Deary me .. don’t forget the …
It’s one of those either you love it or you hate it kind of foods. BUT either way, it’s proper place is on the Holiday dinner table … even if is just for looks.
Personally I LOVE it! It’s probably one of the easiest recipes to prepare for the holidays and adds a whole world of complimentary flavors to your meats. OH and it pairs so beautifully with Brie! YUM!
I do enjoy that tart sweet taste and have been known to have it on hand during the colder weather … it’s gorgeous used for the Cranberry Cream Cheese Pastries and I also enjoy adding it to my toasted chicken, turkey, pork or brie sandwiches. YUM!
One thing that I do once I see the fresh cranberries hit the shelves, is to buy several bags at a time and then freeze them. They keep really well in the freezer and then I’m sure to have them on hand if I ever want to make a batch of Cranberry muffins or cookies.
For this recipe, I have simply pimped up the basic recipe that you find on the back of the bag … think the warmth cinnamon and a hint of orange. It is lovely indeed!
I do hope and pray that you all have a safe and wonderful Holiday Season! If you are travelling, take your time and be safe. If you are hosting a Christmas spread … stay sane (lol – advice to myself) and enjoy!
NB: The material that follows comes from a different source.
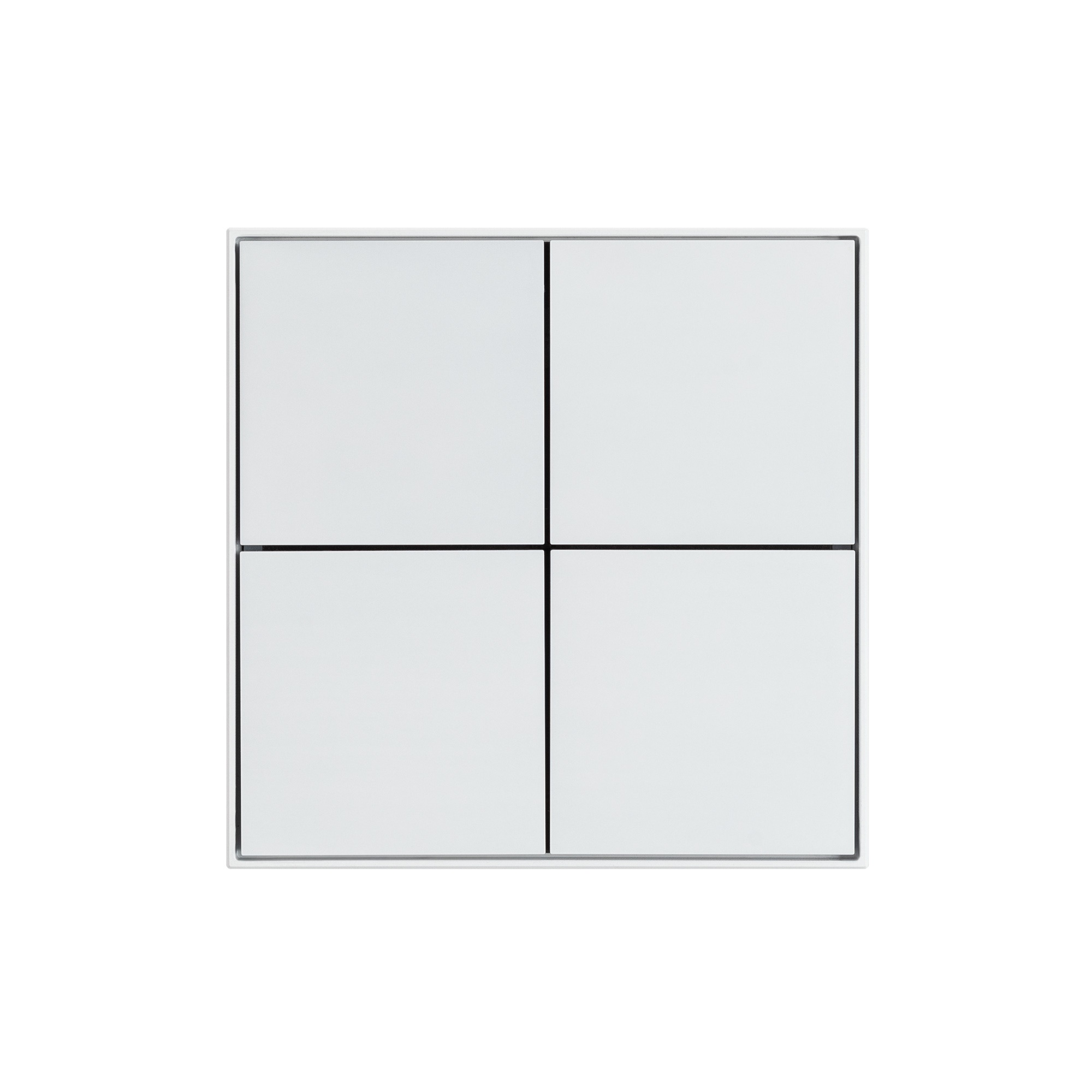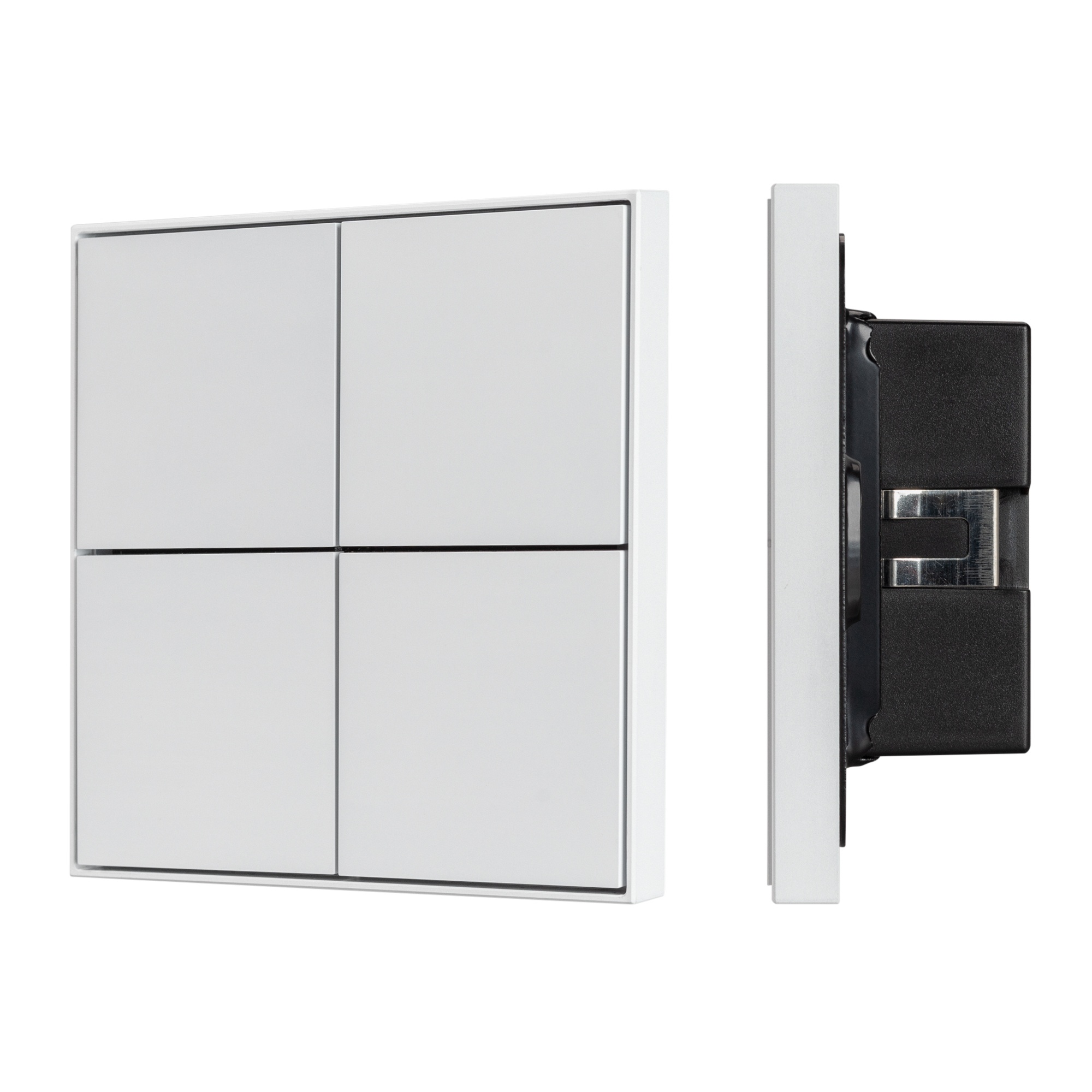 Встраиваемая металлическая панель белого цвета с кнопочным управлением, предназначенная для включения и выключения световых сцен в системах управления светом KNX. Позволяет осуществлять включение/выключение, диммирование, управление шторами и жалюзи, управлять сценами. Поддерживает управление с помощью 4 настраиваемых рокерных клавиш. Каждая клавиша может выполнять функции 2-х клавиш. Устройство совместимо с исполнительными устройствами стандарта KNX, в том числе, мировых производителей ABB, SCHNEIDER ELECTRIC, SIEMENS, ZENNIO и другими. Удобное и точное управление при помощи отдельных механических кнопок для каждой функции. Питание от шины KNX. Габариты устройства составляют 86x86x33 мм. Пластиковый корпус, цвет белый, тонкая рамка, материал - алюминий, отклик вибрацией, светодиодная индикация.

Be Blessed and Merry Christmas!
A pimped up version of the traditional Cranberry Sauce, with a hint of orange and the warmth of cinnamon!
- 1 (12 oz) bag of Cranberries, fresh or frozen
- 3/4 cup Sugar
- 1 tsp Cinnamon
- 1 cup Orange Juice
- Wash and rinse the Cranberries.
- Place all the ingredients in a small saucepan on high heat and bring to a boil.
- Reduce heat to medium - medium high and continue to boil gently for about 8 - 12 minutes, stirring occasionally.
- Take off heat and let cool for about 10 minutes and then transfer to serving dish.
- Can be served warm or cold.
- Keep in refrigerator covered for up to 1 week.